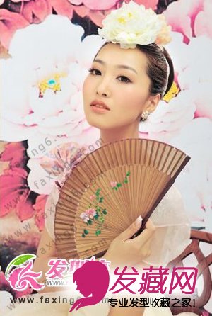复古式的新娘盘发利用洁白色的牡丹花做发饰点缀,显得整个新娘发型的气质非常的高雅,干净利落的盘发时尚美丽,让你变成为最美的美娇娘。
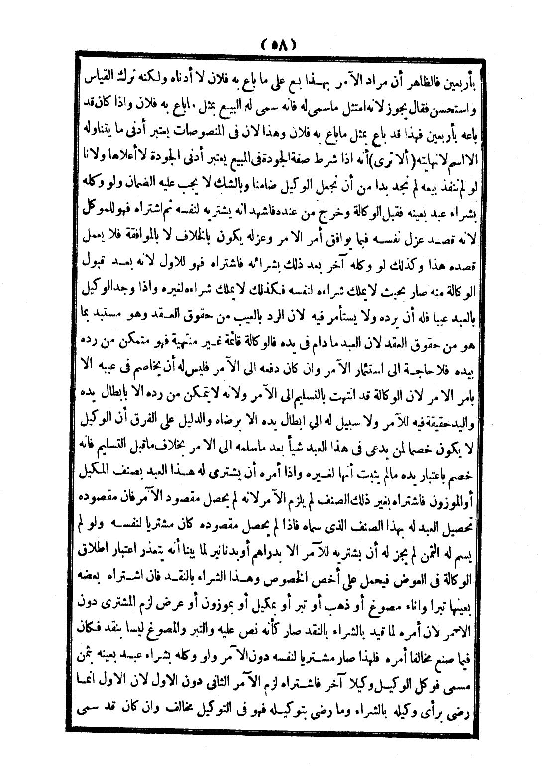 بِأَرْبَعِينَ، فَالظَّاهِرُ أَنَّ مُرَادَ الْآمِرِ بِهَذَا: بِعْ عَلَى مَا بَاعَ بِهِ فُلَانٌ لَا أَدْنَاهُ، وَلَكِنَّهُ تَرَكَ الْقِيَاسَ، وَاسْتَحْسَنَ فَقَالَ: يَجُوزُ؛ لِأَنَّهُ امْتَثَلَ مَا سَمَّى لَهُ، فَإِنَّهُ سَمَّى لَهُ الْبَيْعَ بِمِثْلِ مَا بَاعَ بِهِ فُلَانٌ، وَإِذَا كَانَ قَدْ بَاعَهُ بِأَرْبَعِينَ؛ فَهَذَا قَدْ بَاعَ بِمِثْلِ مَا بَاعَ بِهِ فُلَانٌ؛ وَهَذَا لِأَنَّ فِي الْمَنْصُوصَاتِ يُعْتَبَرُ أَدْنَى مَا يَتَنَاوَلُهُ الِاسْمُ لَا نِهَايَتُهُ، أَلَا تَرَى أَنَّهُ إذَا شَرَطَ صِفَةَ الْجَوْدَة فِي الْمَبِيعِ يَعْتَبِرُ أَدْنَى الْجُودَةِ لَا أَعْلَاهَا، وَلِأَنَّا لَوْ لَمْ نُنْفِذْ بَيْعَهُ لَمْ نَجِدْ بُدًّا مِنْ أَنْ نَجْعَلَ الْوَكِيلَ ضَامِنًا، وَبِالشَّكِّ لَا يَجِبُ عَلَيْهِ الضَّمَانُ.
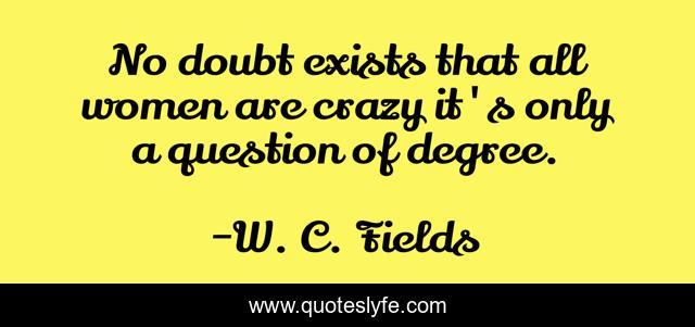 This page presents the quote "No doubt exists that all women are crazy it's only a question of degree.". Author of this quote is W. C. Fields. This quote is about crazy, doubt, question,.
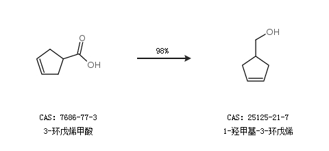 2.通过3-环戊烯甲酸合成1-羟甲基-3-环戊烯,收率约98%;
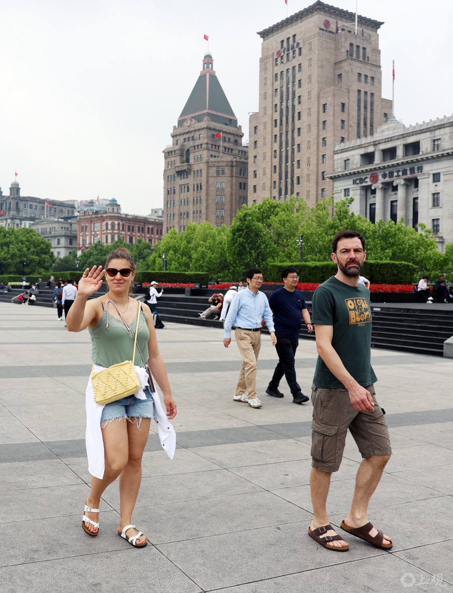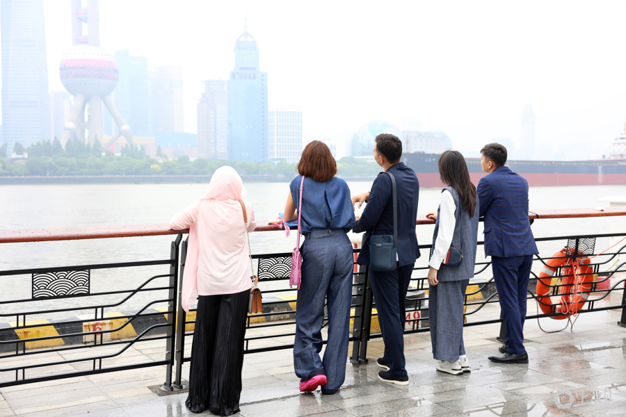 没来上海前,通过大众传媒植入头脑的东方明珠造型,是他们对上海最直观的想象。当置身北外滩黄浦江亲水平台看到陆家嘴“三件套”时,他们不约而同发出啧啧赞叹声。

* * *

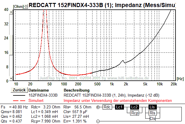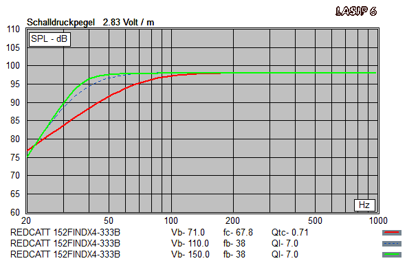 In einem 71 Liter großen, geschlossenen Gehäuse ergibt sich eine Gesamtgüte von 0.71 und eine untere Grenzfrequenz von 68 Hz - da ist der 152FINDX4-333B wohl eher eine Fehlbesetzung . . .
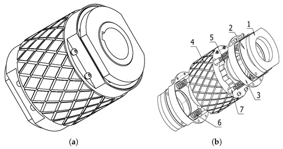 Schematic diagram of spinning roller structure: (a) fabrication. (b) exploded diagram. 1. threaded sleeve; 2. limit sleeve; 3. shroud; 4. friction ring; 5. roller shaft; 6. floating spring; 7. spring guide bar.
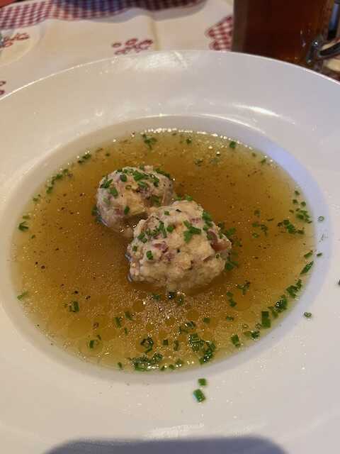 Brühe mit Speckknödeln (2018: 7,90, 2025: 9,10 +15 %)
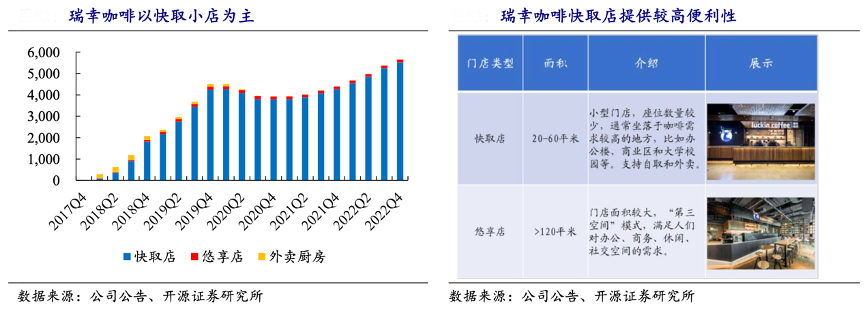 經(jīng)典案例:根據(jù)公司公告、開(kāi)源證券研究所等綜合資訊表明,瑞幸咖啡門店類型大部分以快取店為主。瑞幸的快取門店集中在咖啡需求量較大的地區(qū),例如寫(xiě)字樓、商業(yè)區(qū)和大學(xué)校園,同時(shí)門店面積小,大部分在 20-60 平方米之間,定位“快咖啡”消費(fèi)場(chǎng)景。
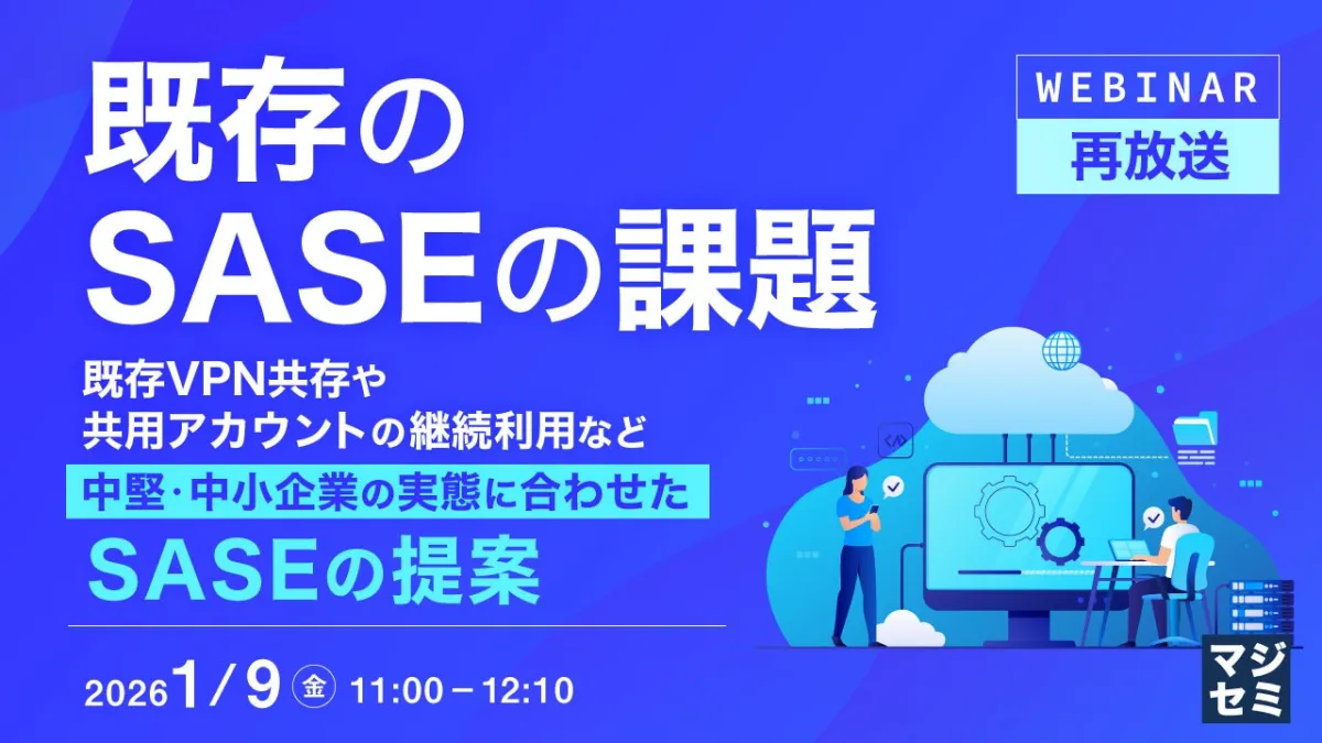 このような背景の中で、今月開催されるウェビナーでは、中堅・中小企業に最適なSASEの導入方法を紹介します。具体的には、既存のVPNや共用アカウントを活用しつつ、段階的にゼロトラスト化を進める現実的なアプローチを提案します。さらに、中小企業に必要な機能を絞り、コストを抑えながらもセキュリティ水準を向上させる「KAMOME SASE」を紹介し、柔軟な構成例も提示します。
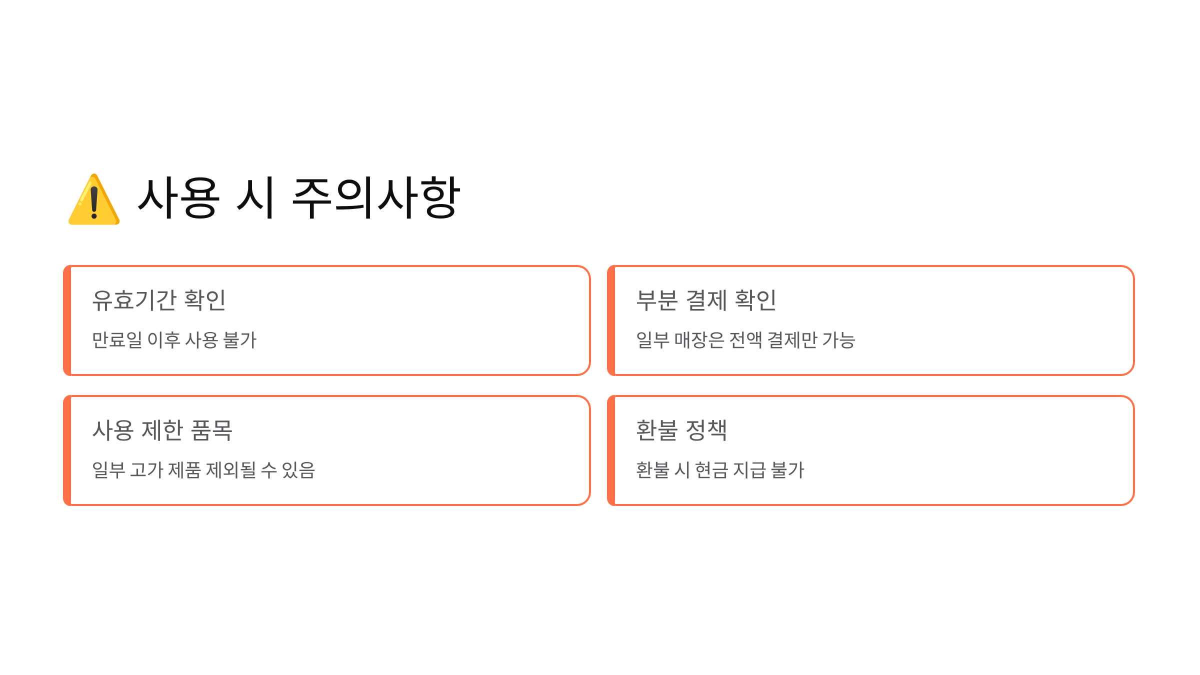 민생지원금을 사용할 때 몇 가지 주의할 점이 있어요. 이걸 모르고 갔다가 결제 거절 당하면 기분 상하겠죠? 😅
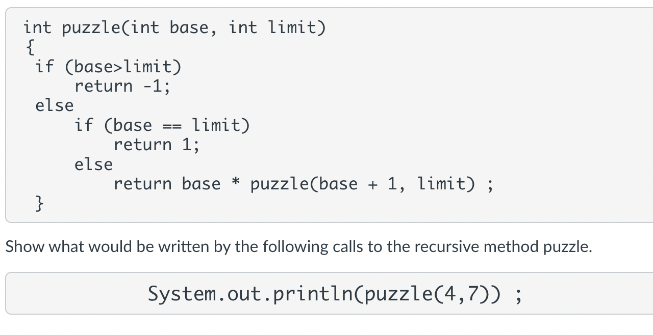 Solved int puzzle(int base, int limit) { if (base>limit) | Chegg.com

▶ EXERCISE DETAILS
In the entries above, find the line containing "In einem 71" and the line containing "Solved int puzzle(int", then copy both and every line between them exactly, without any picture.

▶ EXERCISE OUTPUT
 In einem 71 Liter großen, geschlossenen Gehäuse ergibt sich eine Gesamtgüte von 0.71 und eine untere Grenzfrequenz von 68 Hz - da ist der 152FINDX4-333B wohl eher eine Fehlbesetzung . . .
 Schematic diagram of spinning roller structure: (a) fabrication. (b) exploded diagram. 1. threaded sleeve; 2. limit sleeve; 3. shroud; 4. friction ring; 5. roller shaft; 6. floating spring; 7. spring guide bar.
 Brühe mit Speckknödeln (2018: 7,90, 2025: 9,10 +15 %)
 經(jīng)典案例:根據(jù)公司公告、開(kāi)源證券研究所等綜合資訊表明,瑞幸咖啡門店類型大部分以快取店為主。瑞幸的快取門店集中在咖啡需求量較大的地區(qū),例如寫(xiě)字樓、商業(yè)區(qū)和大學(xué)校園,同時(shí)門店面積小,大部分在 20-60 平方米之間,定位“快咖啡”消費(fèi)場(chǎng)景。
 このような背景の中で、今月開催されるウェビナーでは、中堅・中小企業に最適なSASEの導入方法を紹介します。具体的には、既存のVPNや共用アカウントを活用しつつ、段階的にゼロトラスト化を進める現実的なアプローチを提案します。さらに、中小企業に必要な機能を絞り、コストを抑えながらもセキュリティ水準を向上させる「KAMOME SASE」を紹介し、柔軟な構成例も提示します。
 민생지원금을 사용할 때 몇 가지 주의할 점이 있어요. 이걸 모르고 갔다가 결제 거절 당하면 기분 상하겠죠? 😅
 Solved int puzzle(int base, int limit) { if (base>limit) | Chegg.com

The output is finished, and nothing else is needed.